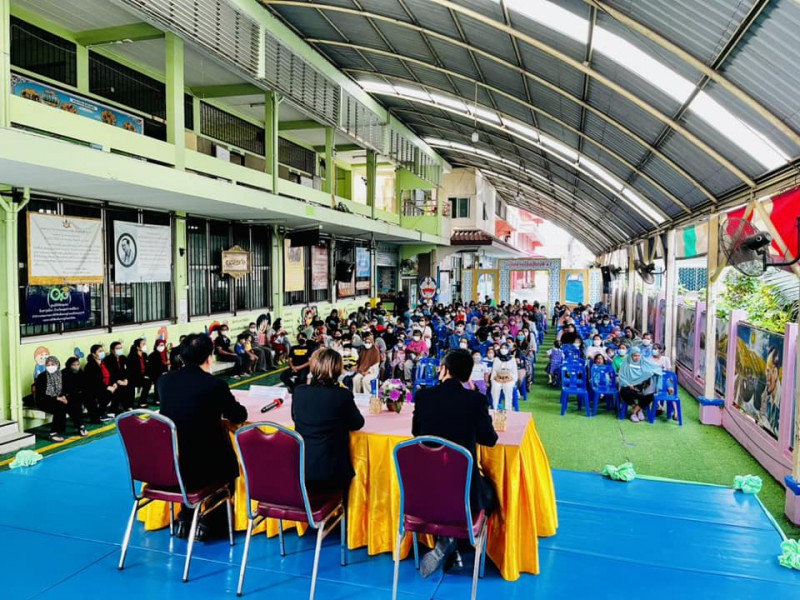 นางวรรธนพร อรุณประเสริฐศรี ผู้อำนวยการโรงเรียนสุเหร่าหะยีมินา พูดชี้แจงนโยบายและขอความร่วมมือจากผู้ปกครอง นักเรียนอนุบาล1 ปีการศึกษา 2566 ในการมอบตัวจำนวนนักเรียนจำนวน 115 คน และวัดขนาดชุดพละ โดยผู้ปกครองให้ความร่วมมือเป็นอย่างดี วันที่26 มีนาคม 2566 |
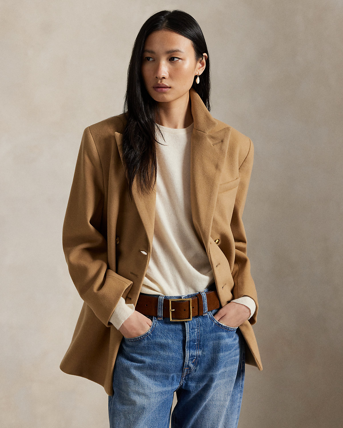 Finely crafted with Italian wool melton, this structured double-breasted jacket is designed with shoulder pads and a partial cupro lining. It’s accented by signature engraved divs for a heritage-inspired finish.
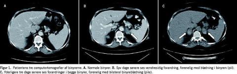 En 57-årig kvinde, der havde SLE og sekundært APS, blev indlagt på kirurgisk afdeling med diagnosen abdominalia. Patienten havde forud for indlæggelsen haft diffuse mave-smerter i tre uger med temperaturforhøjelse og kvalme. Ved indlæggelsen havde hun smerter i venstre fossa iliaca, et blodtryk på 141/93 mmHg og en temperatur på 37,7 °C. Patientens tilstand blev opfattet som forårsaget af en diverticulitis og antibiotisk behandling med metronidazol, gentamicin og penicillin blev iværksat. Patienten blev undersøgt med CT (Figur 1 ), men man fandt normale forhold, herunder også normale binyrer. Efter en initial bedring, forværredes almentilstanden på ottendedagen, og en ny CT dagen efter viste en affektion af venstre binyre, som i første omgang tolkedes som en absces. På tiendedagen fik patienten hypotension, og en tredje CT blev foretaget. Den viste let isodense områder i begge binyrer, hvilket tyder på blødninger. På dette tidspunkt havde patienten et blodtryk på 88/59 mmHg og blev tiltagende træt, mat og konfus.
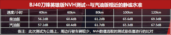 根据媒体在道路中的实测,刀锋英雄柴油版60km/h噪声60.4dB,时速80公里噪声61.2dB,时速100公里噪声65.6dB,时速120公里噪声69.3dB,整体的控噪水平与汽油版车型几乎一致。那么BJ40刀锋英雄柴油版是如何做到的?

☆ ☆ ☆

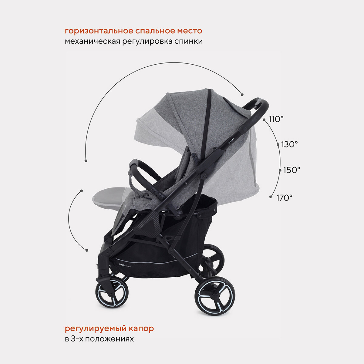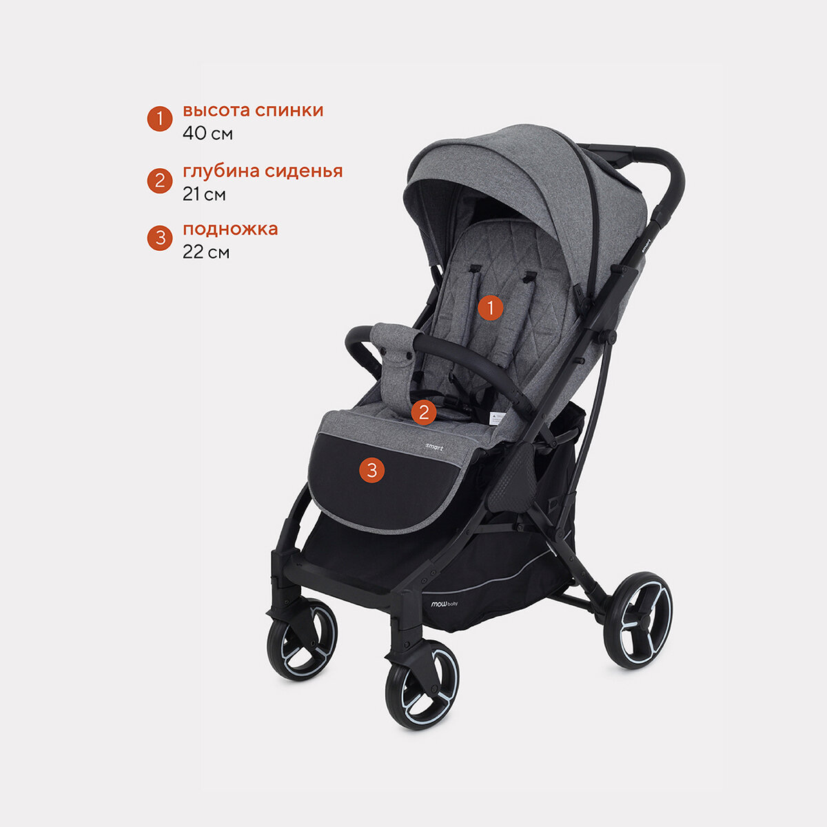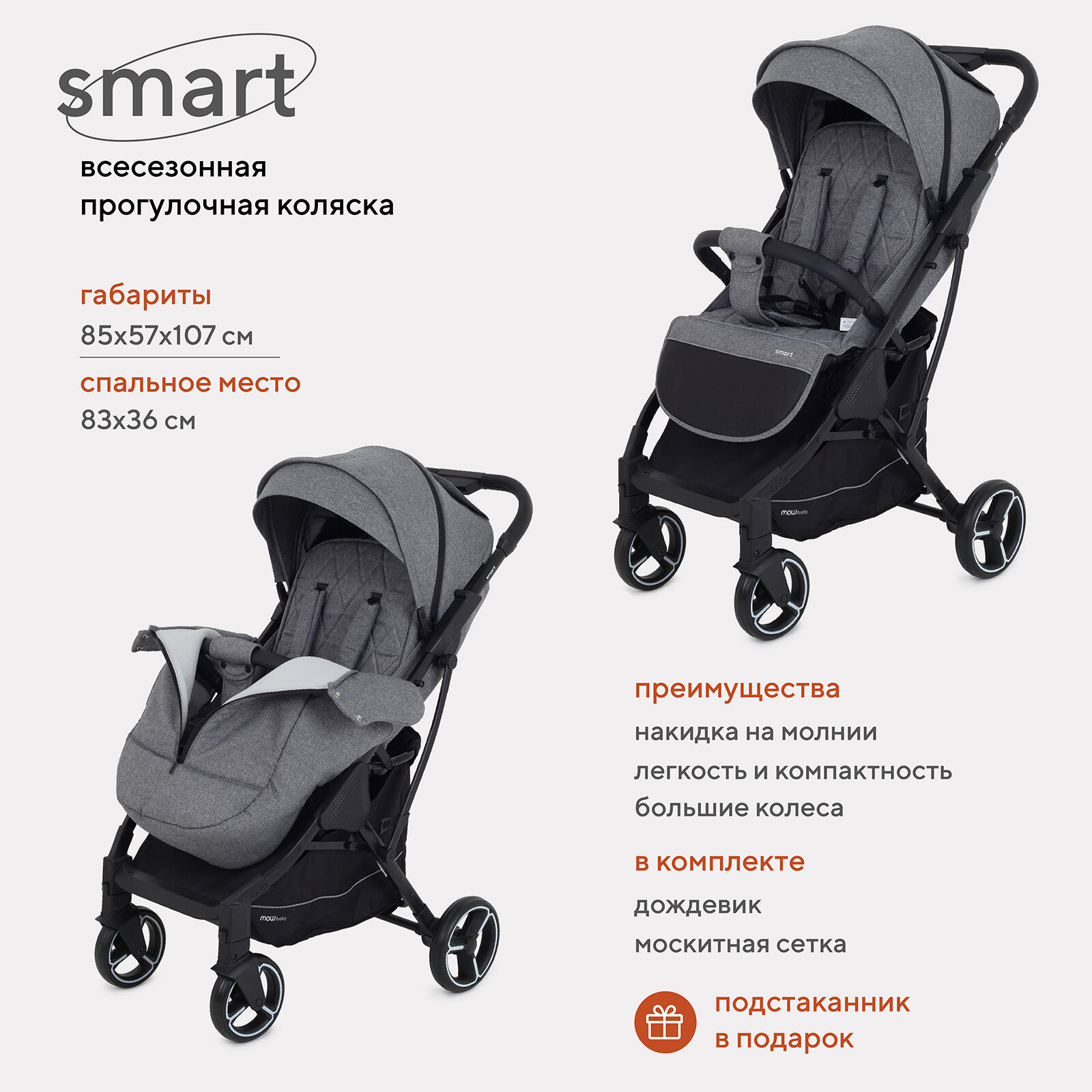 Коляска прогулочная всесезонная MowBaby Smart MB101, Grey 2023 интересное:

☆ ☆ ☆

For the material above, give again only the lines starting at the line that contains "นางวรรธนพร อรุณประเสริฐศรี ผู้อำนวยการโรงเรียนสุเหร่าหะยีมินา" and ending at the line that contains "Finely crafted with". Pictures do not belong in the copy.

 นางวรรธนพร อรุณประเสริฐศรี ผู้อำนวยการโรงเรียนสุเหร่าหะยีมินา พูดชี้แจงนโยบายและขอความร่วมมือจากผู้ปกครอง นักเรียนอนุบาล1 ปีการศึกษา 2566 ในการมอบตัวจำนวนนักเรียนจำนวน 115 คน และวัดขนาดชุดพละ โดยผู้ปกครองให้ความร่วมมือเป็นอย่างดี วันที่26 มีนาคม 2566 |
 Finely crafted with Italian wool melton, this structured double-breasted jacket is designed with shoulder pads and a partial cupro lining. It’s accented by signature engraved divs for a heritage-inspired finish.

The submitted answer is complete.